Marie-Annick Clavel1, Christina Fuchs, Ian G Burwash, Gerald Mundigler, Jean G Dumesnil, Helmut Baumgartner, Jutta Bergler-Klein, Rob S Beanlands, Patrick Mathieu, Julien Magne, Philippe Pibarot.   

Abstract

BACKGROUND: Patients with low-flow, low-gradient aortic stenosis have a poor prognosis with conservative therapy but a high operative mortality if treated surgically. Recently, we proposed a new index of aortic stenosis severity derived from dobutamine stress echocardiography, the projected aortic valve area at a normal transvalvular flow rate, as superior to other conventional indices to differentiate true-severe from pseudosevere aortic stenosis. The objective of this study was to identify the determinants of survival, functional status, and change in left ventricular ejection fraction during follow-up of patients with low-flow, low-gradient aortic stenosis.
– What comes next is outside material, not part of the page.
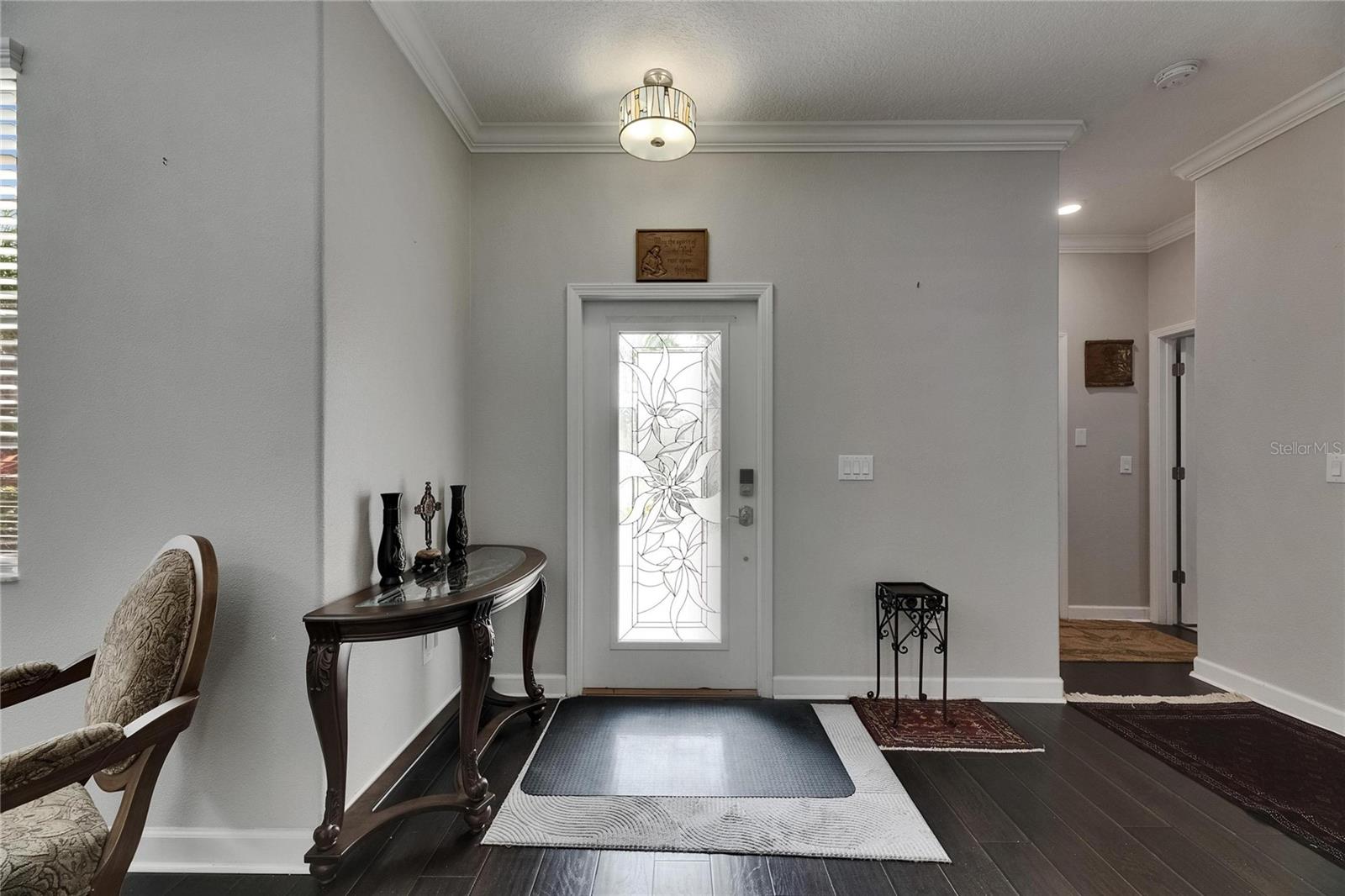 This beautifully maintained home features outstanding curb appeal with a three-car side-load garage, etched concrete driveway, and lush landscaping. Inside, a two-story open foyer with a grand wood staircase welcomes you into formal living and dining rooms adorned with rich wood floors and stylish fixtures. Natural sunlight radiates throughout the home, enhancing the warmth and elegance of every space.

METHODS AND
RESULTS: One hundred one patients with low-flow, low-gradient aortic stenosis (aortic valve area </=1.2 cm(2), left ventricular ejection fraction </=40%, and mean gradient </=40 mm Hg) underwent dobutamine stress echocardiography and an assessment of functional capacity using the Duke Activity Status Index. A subset of 72 patients also underwent a 6-minute walk test. Overall survival was 70+/-5% at 1 year and 57+/-6% at 3 years. After adjusting for age, gender, and the type of treatment (aortic valve replacement versus no aortic valve replacement), significant predictors of mortality during follow-up were a Duke Activity Status Index </=20 (P=0.0005) or 6-minute walk test distance </=320 m (P<0.0001, in the subset of 72 patients), projected aortic valve area at a normal transvalvular flow rate </=1.2 cm(2) (P=0.03), and peak dobutamine stress echocardiography left ventricular ejection fraction </=35% (P=0.03). More severe stenosis, defined as projected aortic valve area </=1.2 cm(2), was a predictor of mortality only in the no aortic valve replacement group. The Duke Activity Status Index, 6-minute walk test, and left ventricular ejection fraction improved significantly during follow-up in the aortic valve replacement group, but remained unchanged or decreased in the no aortic valve replacement group.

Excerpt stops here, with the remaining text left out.